**Your instructions:**
Only the lines from the one containing "她每张照片的右下角都有时间水" through the end of the listing belong in the answer, repeated exactly, with no pictures.

**Data for processing:**
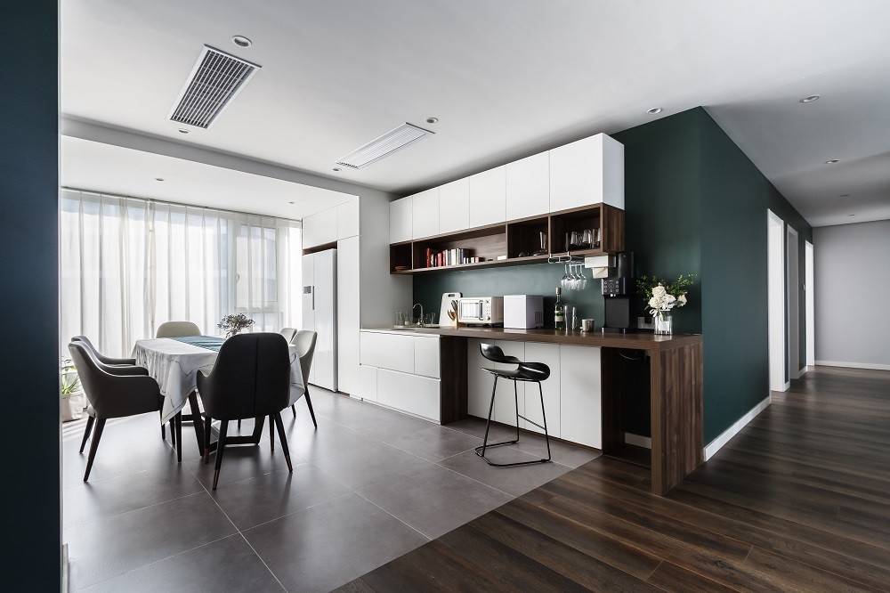 牛油果绿与白色拼接,餐边柜满足收纳和小件电器收纳的同时,设置小吧台便于品咖喝茶,木质纹理的吧台与地面色系融为一个整体,让空间有划分又巧妙融合
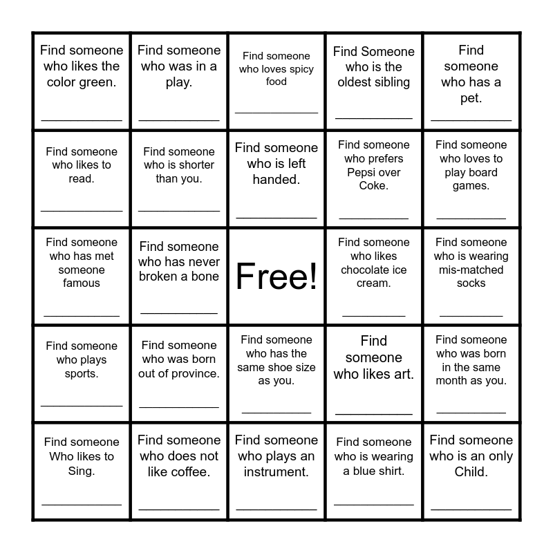 This bingo card has a free space and 25 words: Find someone who was born out of province. ____________, Find someone who plays an instrument. ___________, Find someone who is left handed. ___________, Find someone Who likes to Sing. ____________, Find someone who has a pet. ___________, Find someone who likes the color green. ___________, Find someone who likes to read. _____________, Find someone who was in a play. ___________, Find someone who likes chocolate ice cream. __________, Find someone who has the same shoe size as you. ___________, Find someone who prefers Pepsi over Coke. ___________, Find someone who has met someone famous ____________, Find someone who likes art. __________, Find someone who was born in the same month as you. ___________, Find someone who is shorter than you. _____________, Find someone who has the same middle initial as you. ___________, Find someone who is wearing mis-matched socks __________, Find someone who loves spicy food ______________, Find someone who loves to play board games. ___________, Find someone who has never broken a bone ___________, Find someone who is an only Child. ___________, Find someone who does not like coffee. ___________, Find someone who plays sports. _____________, Find Someone who is the oldest sibling ___________ and Find someone who is wearing a blue shirt. ____________.
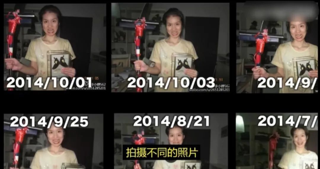 她每张照片的右下角都有时间水印,不变的衣服、不变的拖把、菜刀、死亡蝴蝶,拍摄时间集中在晚上9点到10点之间。
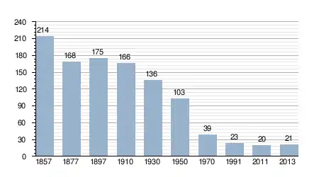 - Bron: INE, 1857-2011: volkstellingen
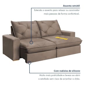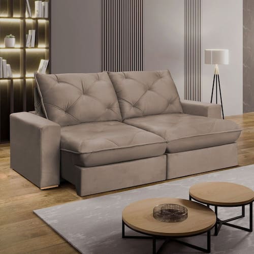 Sofá com pillow top é mais confortável? Sim! O pillow top de 25 cm garante maciez extra e sensação de abraço, perfeito para relaxar após um dia corrido.
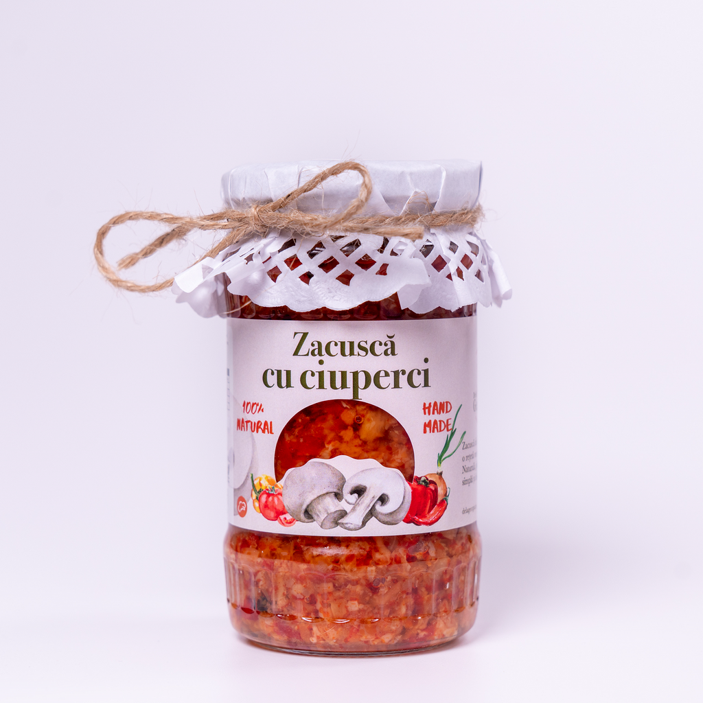 Ingrediente: ciuperci pleurotus, gogosari, ardei, ceapa, morcovi, rosii, ulei de floarea soarelui, sare, piper, foi dafin, zahar.

**Response area:**
 她每张照片的右下角都有时间水印,不变的衣服、不变的拖把、菜刀、死亡蝴蝶,拍摄时间集中在晚上9点到10点之间。
 - Bron: INE, 1857-2011: volkstellingen
 Sofá com pillow top é mais confortável? Sim! O pillow top de 25 cm garante maciez extra e sensação de abraço, perfeito para relaxar após um dia corrido.
 Ingrediente: ciuperci pleurotus, gogosari, ardei, ceapa, morcovi, rosii, ulei de floarea soarelui, sare, piper, foi dafin, zahar.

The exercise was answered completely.